Problem requirements | Restate all of the following data exactly, keeping any images out of the copy.

Given data |
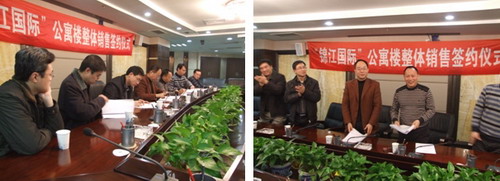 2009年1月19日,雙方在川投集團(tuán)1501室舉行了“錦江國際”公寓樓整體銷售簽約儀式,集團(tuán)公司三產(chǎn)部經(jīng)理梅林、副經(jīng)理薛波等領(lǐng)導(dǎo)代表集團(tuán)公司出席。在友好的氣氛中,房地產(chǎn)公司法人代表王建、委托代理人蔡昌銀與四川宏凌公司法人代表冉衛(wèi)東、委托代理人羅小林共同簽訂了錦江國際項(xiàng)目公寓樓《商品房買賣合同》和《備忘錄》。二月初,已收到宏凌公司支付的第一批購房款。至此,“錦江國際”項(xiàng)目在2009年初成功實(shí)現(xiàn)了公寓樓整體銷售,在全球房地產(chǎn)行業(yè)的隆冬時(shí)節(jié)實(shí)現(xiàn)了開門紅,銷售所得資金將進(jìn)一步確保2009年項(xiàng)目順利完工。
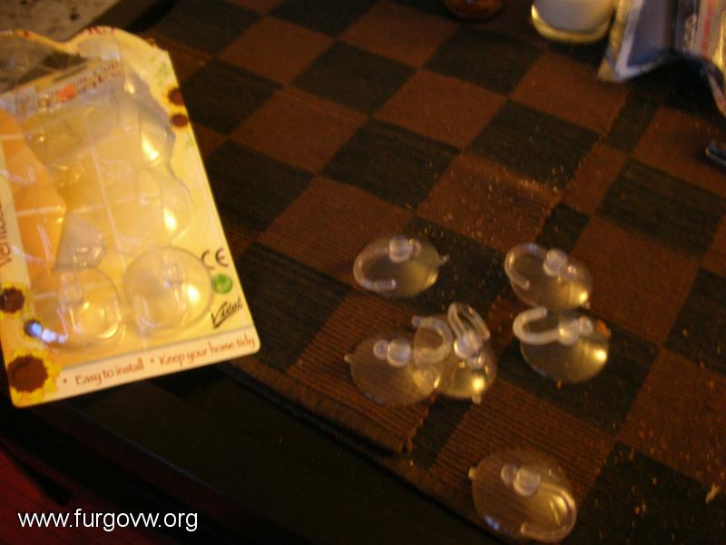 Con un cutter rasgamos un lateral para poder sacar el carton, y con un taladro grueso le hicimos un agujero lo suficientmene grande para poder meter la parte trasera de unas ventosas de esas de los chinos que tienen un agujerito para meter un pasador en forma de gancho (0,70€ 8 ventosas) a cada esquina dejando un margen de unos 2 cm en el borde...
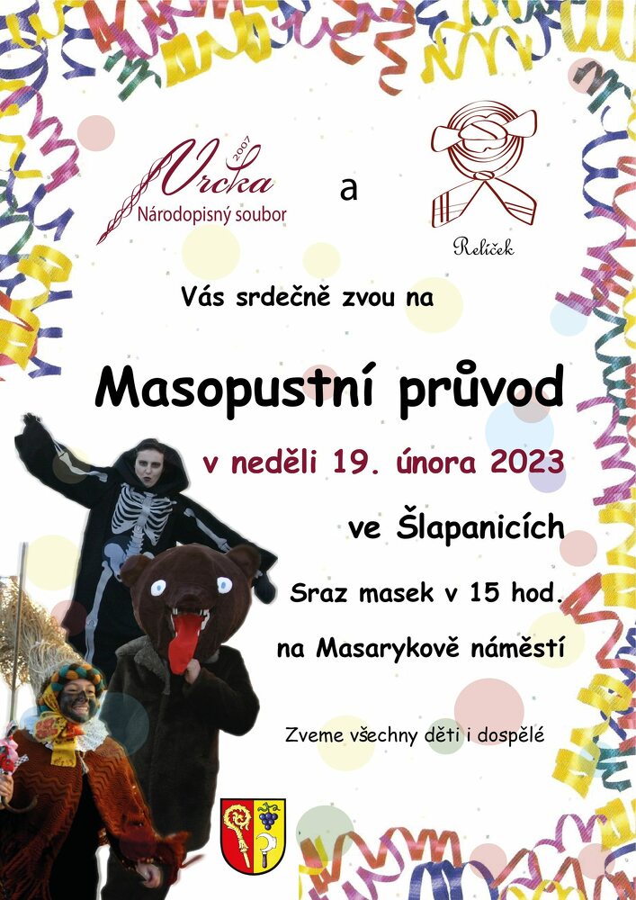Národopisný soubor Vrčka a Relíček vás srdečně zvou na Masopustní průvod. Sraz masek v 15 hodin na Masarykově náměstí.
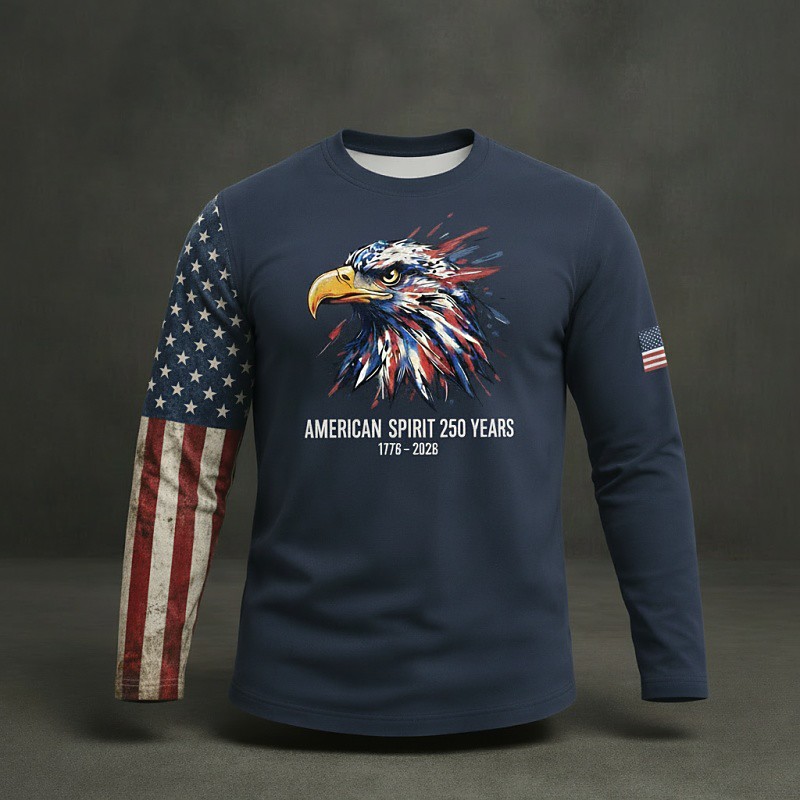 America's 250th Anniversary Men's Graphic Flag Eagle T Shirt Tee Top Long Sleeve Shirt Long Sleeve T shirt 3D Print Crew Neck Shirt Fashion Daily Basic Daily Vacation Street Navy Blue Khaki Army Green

Answer section |
 2009年1月19日,雙方在川投集團(tuán)1501室舉行了“錦江國際”公寓樓整體銷售簽約儀式,集團(tuán)公司三產(chǎn)部經(jīng)理梅林、副經(jīng)理薛波等領(lǐng)導(dǎo)代表集團(tuán)公司出席。在友好的氣氛中,房地產(chǎn)公司法人代表王建、委托代理人蔡昌銀與四川宏凌公司法人代表冉衛(wèi)東、委托代理人羅小林共同簽訂了錦江國際項(xiàng)目公寓樓《商品房買賣合同》和《備忘錄》。二月初,已收到宏凌公司支付的第一批購房款。至此,“錦江國際”項(xiàng)目在2009年初成功實(shí)現(xiàn)了公寓樓整體銷售,在全球房地產(chǎn)行業(yè)的隆冬時(shí)節(jié)實(shí)現(xiàn)了開門紅,銷售所得資金將進(jìn)一步確保2009年項(xiàng)目順利完工。
 Con un cutter rasgamos un lateral para poder sacar el carton, y con un taladro grueso le hicimos un agujero lo suficientmene grande para poder meter la parte trasera de unas ventosas de esas de los chinos que tienen un agujerito para meter un pasador en forma de gancho (0,70€ 8 ventosas) a cada esquina dejando un margen de unos 2 cm en el borde...
Národopisný soubor Vrčka a Relíček vás srdečně zvou na Masopustní průvod. Sraz masek v 15 hodin na Masarykově náměstí.
 America's 250th Anniversary Men's Graphic Flag Eagle T Shirt Tee Top Long Sleeve Shirt Long Sleeve T shirt 3D Print Crew Neck Shirt Fashion Daily Basic Daily Vacation Street Navy Blue Khaki Army Green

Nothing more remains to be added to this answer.